Ahora fui al revés: me sumergí primero en el proceloso mar de los archivos de donde saqué este sargazo chorreante, lo copié, lo pegué y me pareció que valía la pena compartirlo con los demás aunque no sea algo de actualidad; quiero decir, aunque se trate de una observación de la realidad de hace tres años, lo que para el mundo de la información la hace un vejestorio digno de estar sumergido precisamente en el mar de los sargazos y para el de la palabra entre personas no tiene por qué dejar de tener vigencia, hasta que la deje de tener. Es cierto que en México ya hay otro presidente pero me parece, por desgracia, que la observación vale igual.


IMPENSABLE

En la página 39 de El País de hoy, viernes 22 de octubre de 2004, viene una fotografía y una nota impensables en México y prácticamente, a menos que alguien (¡ojalá!) me desmienta, en América Latina. En el extremo derecho está el escritor Luis Mateo Díez, leonés, autor del libro que está presentado como display en el centro del escenario y como tal arriba de la mesa que hace centro de la conversación fotografiada: Fantasmas del invierno; sello editorial, Alfaguara.

El escritor tiene la pierna derecha cruzada en una actitud de desenfado y habla y gesticula con cierta vehemencia, se nota que habla de algo que le es entrañable y que se siente escuchado con atención como constata la actitud de sus contertulios: en el centro, la periodista Nativel Preciado, mirándolo con simpatía como quien está descubriendo algo interesante y grato en su interlocutor, y a la izquierda, también con la pierna cruzada, aunque con más formalidad, el presidente del Gobierno Español, José Luis Rodríguez Zapatero, sosteniéndose la barbilla con la mano derecha, en un gesto que le es característico, y apoyando con la otra sobre su pierna un libro, supongo que del que se trata, cerrado pero marcado con un dedo en una página determinada, lo mira también con atención y respeto.

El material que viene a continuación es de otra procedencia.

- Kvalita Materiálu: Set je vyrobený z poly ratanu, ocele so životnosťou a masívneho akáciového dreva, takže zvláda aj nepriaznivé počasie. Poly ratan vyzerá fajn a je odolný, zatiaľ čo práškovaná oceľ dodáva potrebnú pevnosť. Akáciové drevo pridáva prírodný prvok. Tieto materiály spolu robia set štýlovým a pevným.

La breve nota explica la ocasión: el presidente participa en la presentación de la novela como presentador y como entrevistador. El presidente Rodríguez Zapatero tiene cinco o seis meses de haber asumido el poder que le dio el voto de la izquierda y entre sus actividades de gobierno juzga que está bien leer una novela de un escritor paisano suyo y acepta opinar de ella en público y dialogar con él y con otra persona a propósito del libro en un espacio público, el Círculo de Bellas Artes, al que por supuesto asiste quien quiere.
El hecho es, en primera instancia, cultural, pero se trata también de un acto político. El libro trata sobre el dolor de la posguerra, un tema que el anterior gobierno del Partido Popular no quería tocar por ningún motivo y con el que Zapatero, al aceptar hablar de él, indica que le interesa el tema, que no sólo no lo rehúye sino que lo avala, y lo publica la editorial Alfaguara, una empresa del Grupo Prisa, poderoso en los medios e inclinado, hasta donde los intereses empresariales lo permiten, a la izquierda y que ha apoyado a Rodríguez Zapatero.

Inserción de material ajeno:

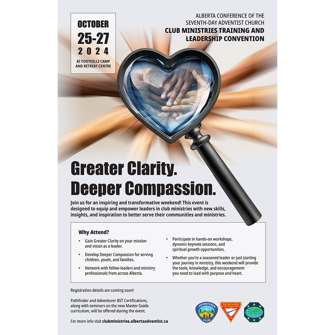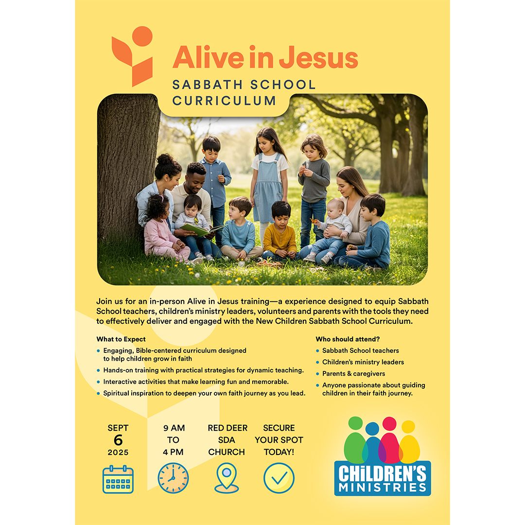 Are you passionate about reaching children for Jesus? Looking for innovative ways to make Sabbath School class the best it can be? Join the Children's Ministry Directors from the North American Division as they instruct and empower attendees to impact children for eternity. Sponsored by GEMA & hosted at Edmonton South Adventist Church. $20 per person, with Sabbath lunch and supper provided. Register at https://forms.office.com/r/EuVPrGc0nc or email GEMAinfo@albertaadventist.ca for more info.

¿Podría pensarse algo semejante del presidente Fox? ¿Que leyera un libro de un escritor mexicano vivo y se formara una opinión y aceptara establecer un diálogo con el autor ante las personas que quisieran asistir? Por desgracia, creo que no. No tengo ninguna razón para pensar que sea porque nadie se lo ha pedido. Las pocas oportunidades que ha tenido para hablar de la cultura lo ha hecho leyendo el discurso y, por desgracia, con errores que han puesto en evidencia que no lo ha escrito él. Pero esto, claro, no lo digo del presidente Fox sino que me extiendo a imaginarme en esa situación a Zedillo, a Carlos Salinas, a De la Madrid, a López Portillo (que ejercía de escritor cuando no era presidente), a Echeverría, ¡a Díaz Ordaz!, y así me sigo hacia atrás y no encuentro que ninguno hubiera podido desembarazarse del pedestal terrible de la presidencia y bajar al pequeño mundo de la cultura y al más pequeño todavía de la vida real. ¡Cuándo llegará ese cuándo! Impensable, impensable.